Only the lines from the beginning of the entries through the one with "и веселого двустишия." should be written out, please, exactly and without any pictures.

============================================================

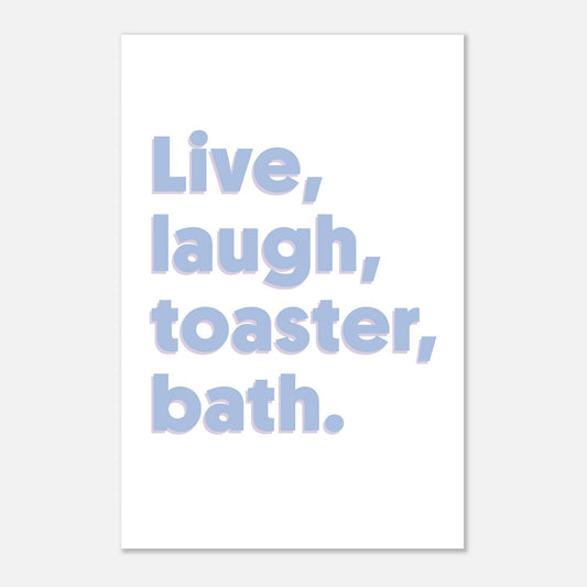 Live, laugh, toaster, bath - Blue on White - Wall art
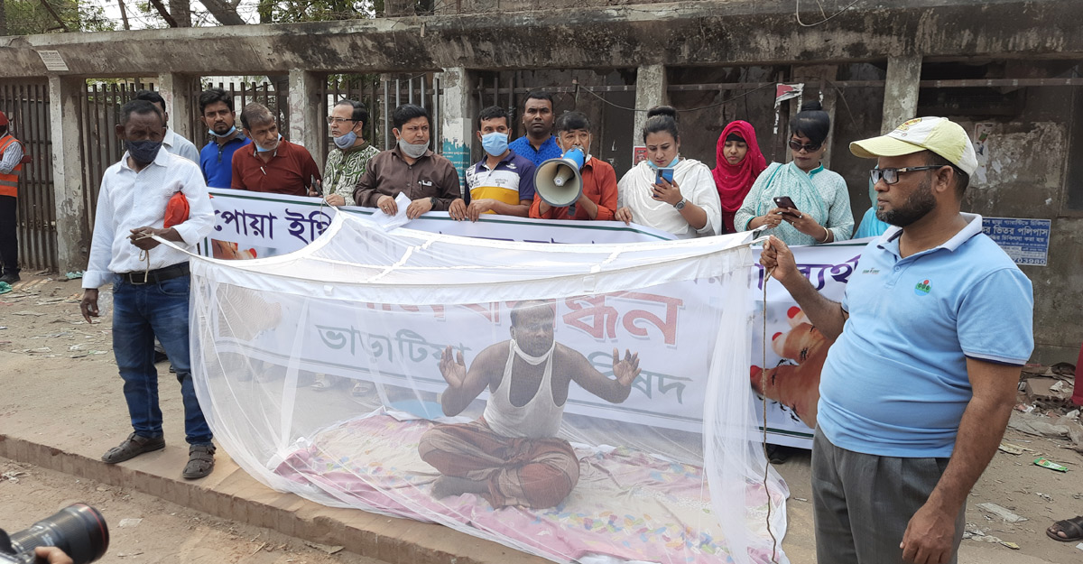 ফুটপাতে মশারি টাঙিয়ে মশার উপদ্রব থেকে রক্ষার দাবি
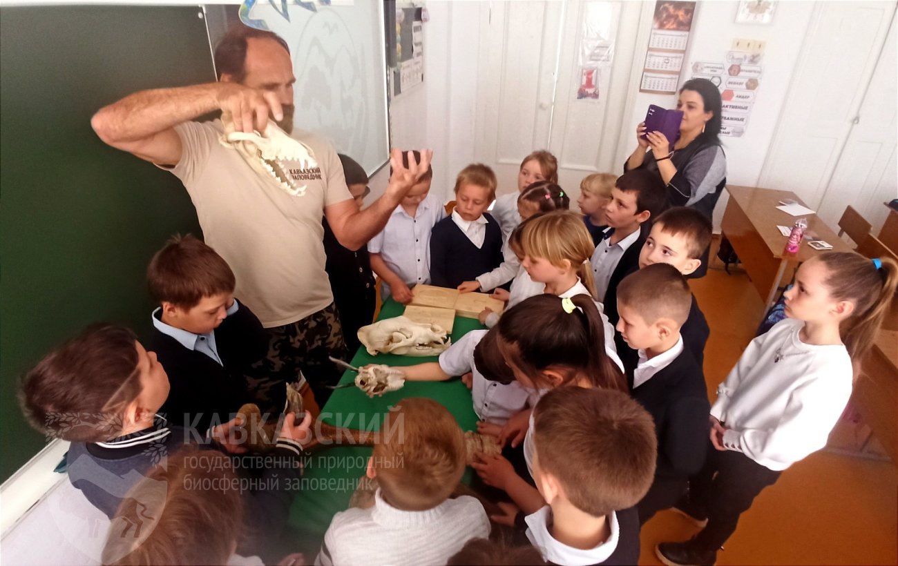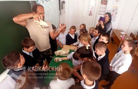 Особый восторг у школьников вызвало знакомство с обитателями заповедных мест. Могучие зубры, грациозные серны, благородные олени – разве можно не влюбиться в этих прекрасных животных. Многие из них занесены в Красную книгу, и именно заповедник является для них главным убежищем. Не менее познавательной стала часть, посвящённая работе сотрудников заповедника. Ребята выяснили, какие задачи стоят перед ними для сохранения биоразнообразия Кавказских гор.
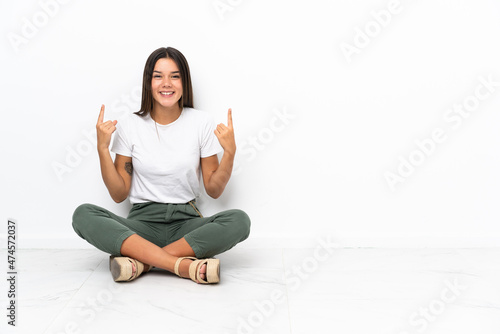 Teenager girl sitting on the floor pointing up a great idea
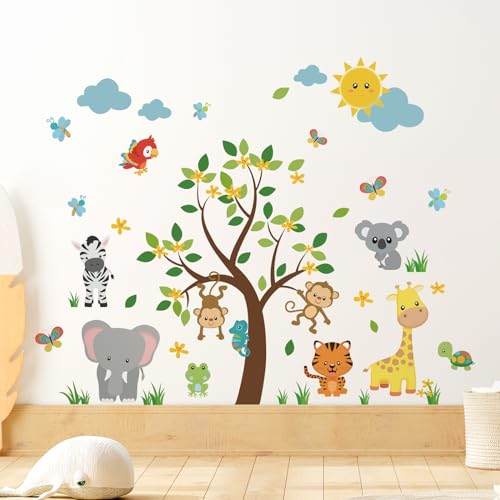 Tanlaby Giungla Animali Adesivi Murali Scimmia Albero Adesivi Da Parete Giraffa Elefante Vinile Stickers Muro per Bambini Camera da Letto Stanza Della Scuola Materna Asilo Nido Decorazioni Murali
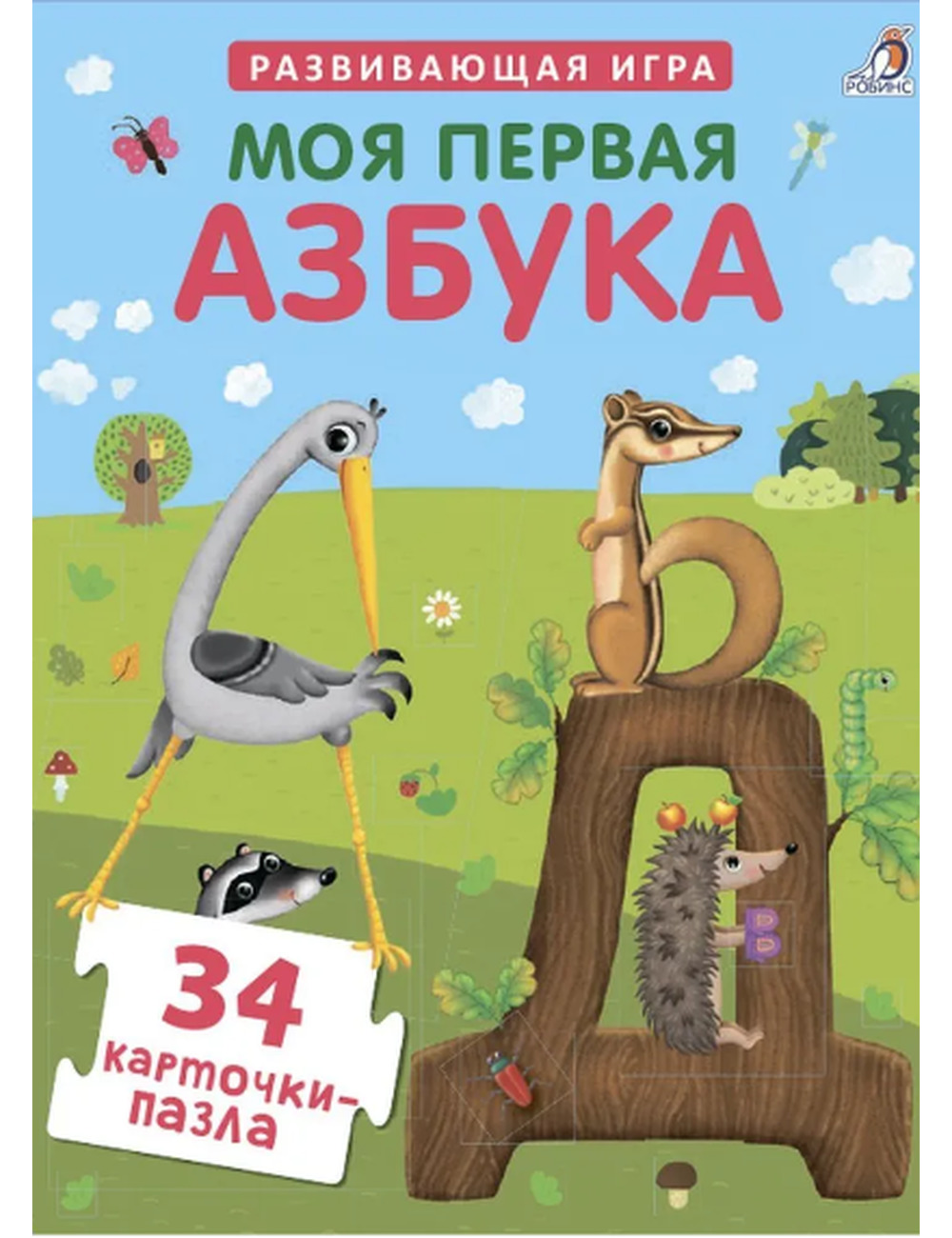 – 34 карточки-пазла с изображением буквы, предмета на эту букву и веселого двустишия.
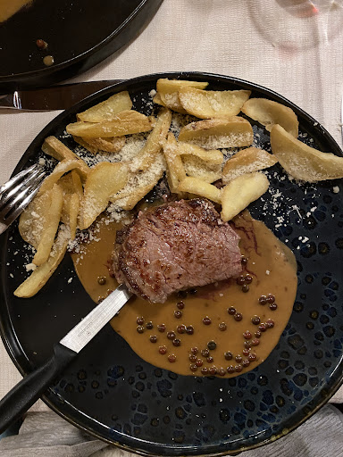Read moreIl filetto di manzo al pepe rosa (Beef filet with pink pepper) with home made fries was very good, "medium" was nearly med-rare, but tender, very juicy, not bloody. The service was also very good explained all questions in english. My wife had a Pizza "Crudo e Rucola" plus a mixed salad which was so big we could easy share. And for sharing the service recommend an extra plate. With a glass of wine and a big beer plus one Tiramisu and two espressi we payed about 50€...
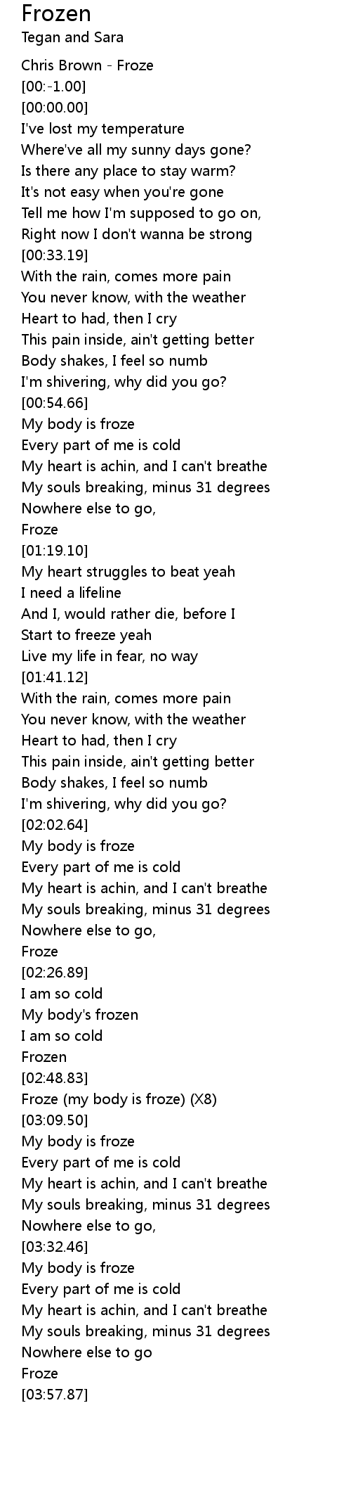 Froze (my body is froze) (X8) |
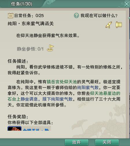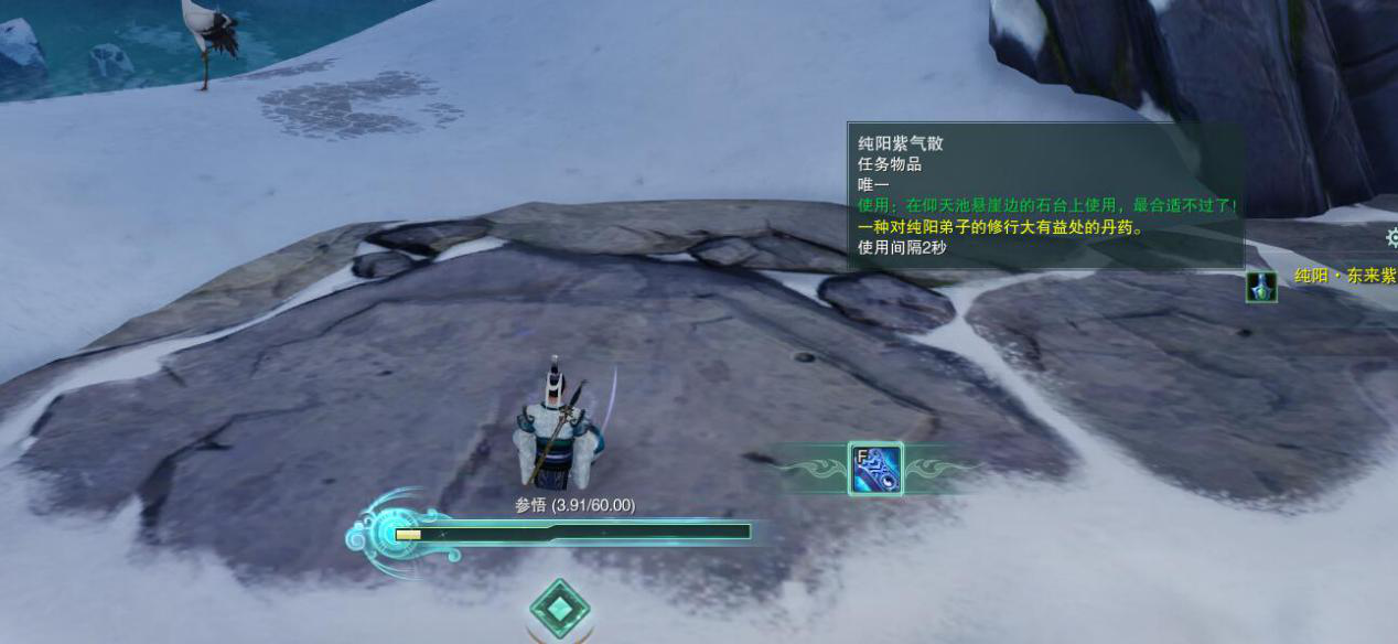 接取任务后来到如图所示地点,使用任务物品【纯阳紫气散】即可完成任务。
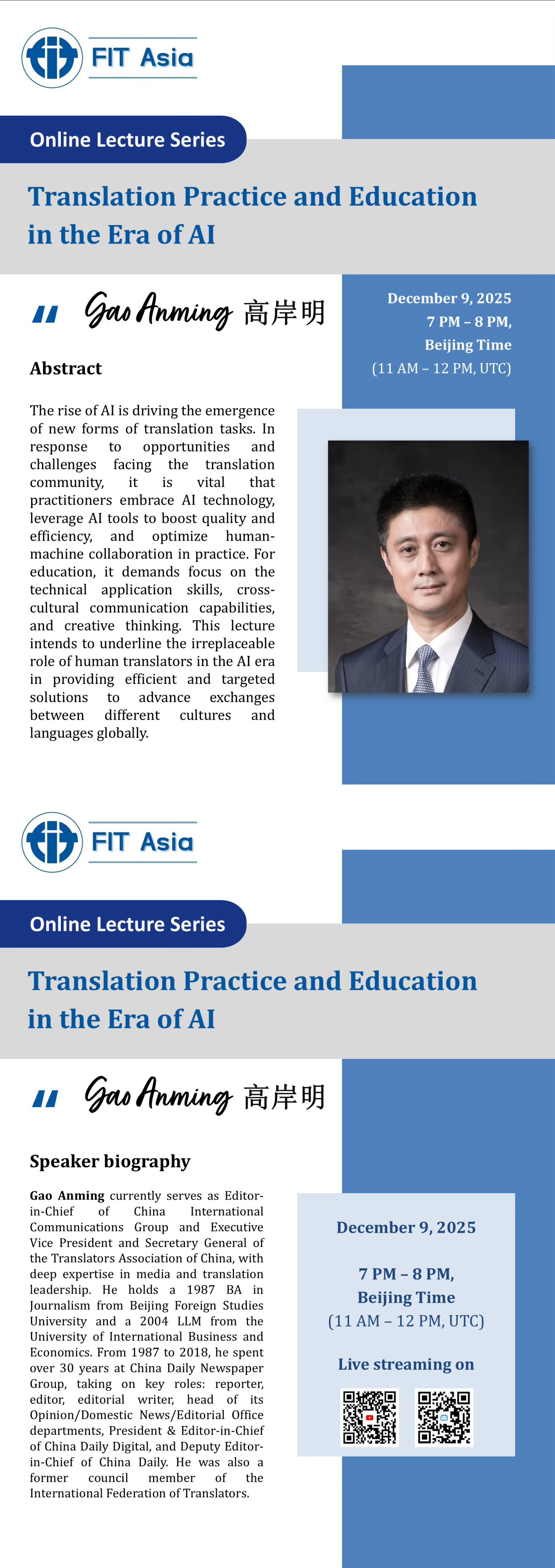 As FIT Asia's flagship annual academic initiative, this lecture series will continue to gather leading scholars and industry trailblazers worldwide. By leveraging the power of online connectivity, it will link translation wisdom across Asia and the globe, driving innovation and elevation for the translation profession in the AI age.

============================================================

* Task output *
 Live, laugh, toaster, bath - Blue on White - Wall art
 ফুটপাতে মশারি টাঙিয়ে মশার উপদ্রব থেকে রক্ষার দাবি
 Особый восторг у школьников вызвало знакомство с обитателями заповедных мест. Могучие зубры, грациозные серны, благородные олени – разве можно не влюбиться в этих прекрасных животных. Многие из них занесены в Красную книгу, и именно заповедник является для них главным убежищем. Не менее познавательной стала часть, посвящённая работе сотрудников заповедника. Ребята выяснили, какие задачи стоят перед ними для сохранения биоразнообразия Кавказских гор.
 Teenager girl sitting on the floor pointing up a great idea
 Tanlaby Giungla Animali Adesivi Murali Scimmia Albero Adesivi Da Parete Giraffa Elefante Vinile Stickers Muro per Bambini Camera da Letto Stanza Della Scuola Materna Asilo Nido Decorazioni Murali
 – 34 карточки-пазла с изображением буквы, предмета на эту букву и веселого двустишия.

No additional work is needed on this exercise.